An American Master…
Interesting piece on Duke Ellington’s music and race in America by Claudia Roth Pierpont in The New Yorker:
What did he feel about—what did he contribute to—the mire of American race relations during the last century? Harvey G. Cohen’s “Duke Ellington’s America” (Chicago; $40) attempts to get under the skin of this apparently most imperturbable of men, and the results, if hardly conclusive, are fascinating. One of Ellington’s few confidantes, his sister, Ruth, believed that he concealed himself under “veil upon veil upon veil,” and Cohen is not the first Ellingtonian to treasure the smallest telltale sign of his subject’s human susceptibilities. There is, for example, an uncharacteristically angry letter to a white business associate with whom Ellington wished to break (which is nevertheless signed “with great respect,” and turns out not to have been sent). Cohen’s extremely intelligent and formidably documented book—a welcome change from much that has been published about Ellington—is not a standard biography; Ellington’s personal life and sexual mores are officially beyond its scope. Nor is it a critical work, since it contains no musical analysis and not a great deal of musical description. Cohen’s long hours in the Smithsonian’s huge trove of Ellington papers were devoted to the business records and the scrapbooks, and, as his title suggests, he has broad social issues on his mind. Even Ellington’s professional life is examined in circumscribed areas, almost all of which touch at some point upon race. The question is whether, sooner or later, everything did.
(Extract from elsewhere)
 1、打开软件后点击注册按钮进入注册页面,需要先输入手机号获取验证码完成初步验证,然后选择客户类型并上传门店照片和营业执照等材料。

Early in the book, Cohen quotes Ellington’s longtime collaborator Billy Strayhorn objecting to a movie project about Ellington that Strayhorn was told would have a racial theme. “I don’t think it should be racial because I don’t think he’s racial,” Strayhorn protested. “He is an individual.” But Strayhorn concluded, in a line of thinking that seems emblematic of the era and of the personalities involved, “You don’t have to say the darn thing.” Cohen keeps Ellington’s individuality firmly in sight, while detailing such targeted subjects as his relationship with Mills, the white man who has been lauded for launching Ellington’s career and—both before and after they split, in 1939—accused of exploitation; Ellington’s travels with his band in the harshly segregated South of the nineteen-thirties and forties; the overt, if often forgotten, racial programs of much of his music; and his sometimes contentious relationship with the civil-rights movement of the nineteen-fifties and sixties.
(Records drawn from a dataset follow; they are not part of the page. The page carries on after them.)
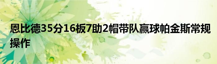 76人球星恩比德此役出戰41分鐘,28投9中,三分球5中2,17罰15中,得到35分16板7助1斷2帽的華麗數據。
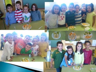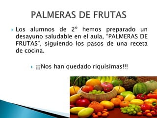 Los alumnos de 2o de primaria prepararon un desayuno saludable de "palmeras de frutas" siguiendo una receta de cocina. Como parte de su estudio de alimentación, analizaron etiquetas de alimentos y crearon catálogos sobre diferentes secciones de productos alimenticios. También aprendieron y cantaron la canción "La canción de los alimentos" y jugaron a "La pirámide de los alimentos".
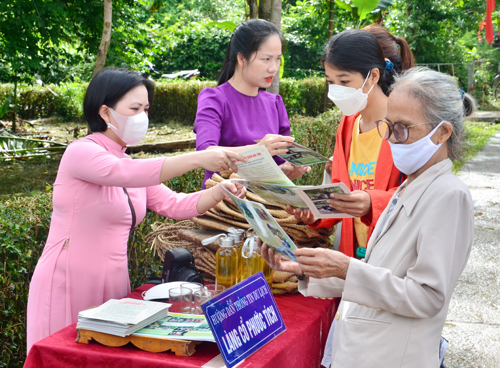 Du khách tìm hiểu thông tin về làng cổ Phước Tích trước khi tham quan, trải nghiệm phiên chợ
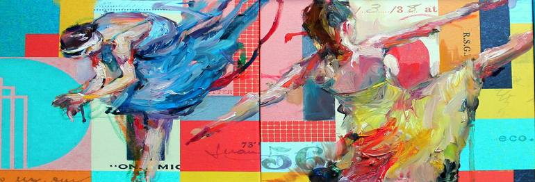 Repaint on top an otherwise lost-in-bad-taste good canvas: mixer media on a triptych Ikea canvas print: 29.5 W x 9.8 inch. ( 75x25 cm). Signed and Dated 2019. I've tried to recover and extract life from the commercial efficiency symbol par excellence: Ikea wall art . I added woman dancers and nude,...
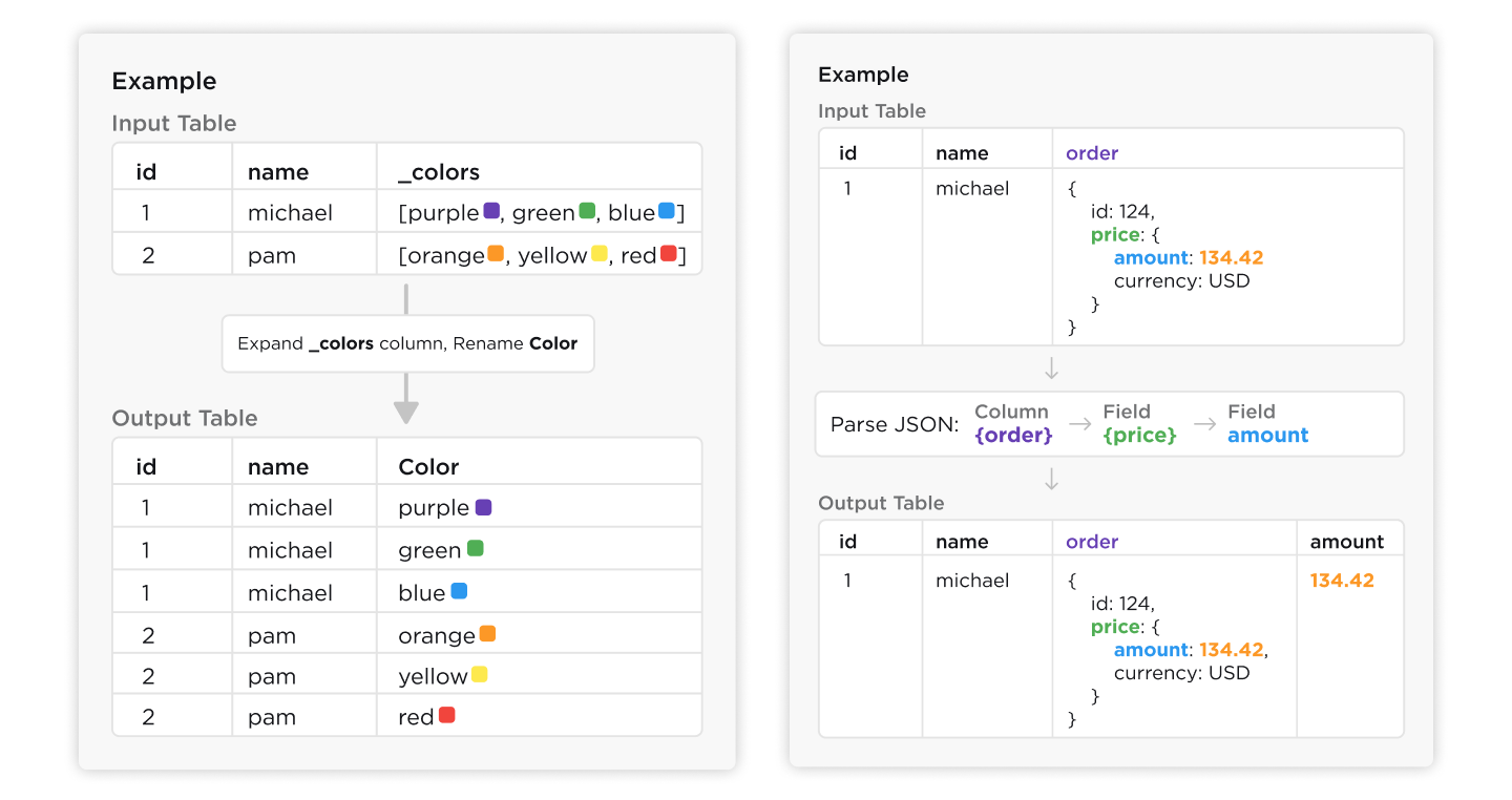Transforms allow you to clean and prep your data without knowing SQL. Many APIs return data structures instead of clean rows. The new JSON and Array transformations help you to format your data as clean usable rows. You can use the new transforms to break out JSON and Arrays into rows. You can define the JSON keys, all without knowing SQL.

A different set of subjects—Ellington’s musical development, his band members, even his women—might have yielded something closer to the post-racial portrait for which Strayhorn argued, a portrait more in accord with the high personal horizon on which Ellington’s sights were set. But “the darn thing” will not go away, and race remains unsurprisingly essential to the story of America’s first widely recognized black artist, and of what he had to say.
You can order “Duke Ellington’s America“, here.
Absolutely great piece. As a resident of Washington, DC, it shows how much too rounds of riots destroyed a great artistic city and how much further the impressive current renaissance has to go to approach where this city was a 100 years ago. and that's not even getting into Duke's approach to race. This article would have been a great side note to the great banter Sheffield race discussion of 2008(?)
Duke Sheffield, nice!
This book looks really interesting too.
ha, i saw this headline and i was like alex must have read his new yorker from last week.
really was a great and interesting piece about duke and the confluence of race and music.
i saw the play race last weekend and at the end of act 1 the black female lawyer said the case was about sex; the white male partner said it was about race - and they are the same thing; in some ways music and race could be thought of like that as well.
[1] i agree - this article would have added an interesting framework to that discussion.
I need to read the book before I can comment, but I will say that the dynamics hinted at would not be possible without a fair amount of critical think on both sides. I think we've got that down pat around here, so I look forward to discussing it >;)
720 pages? Yeesh! I love me some Edward Kennedy Ellington, but I don't really have a month to invest in this book.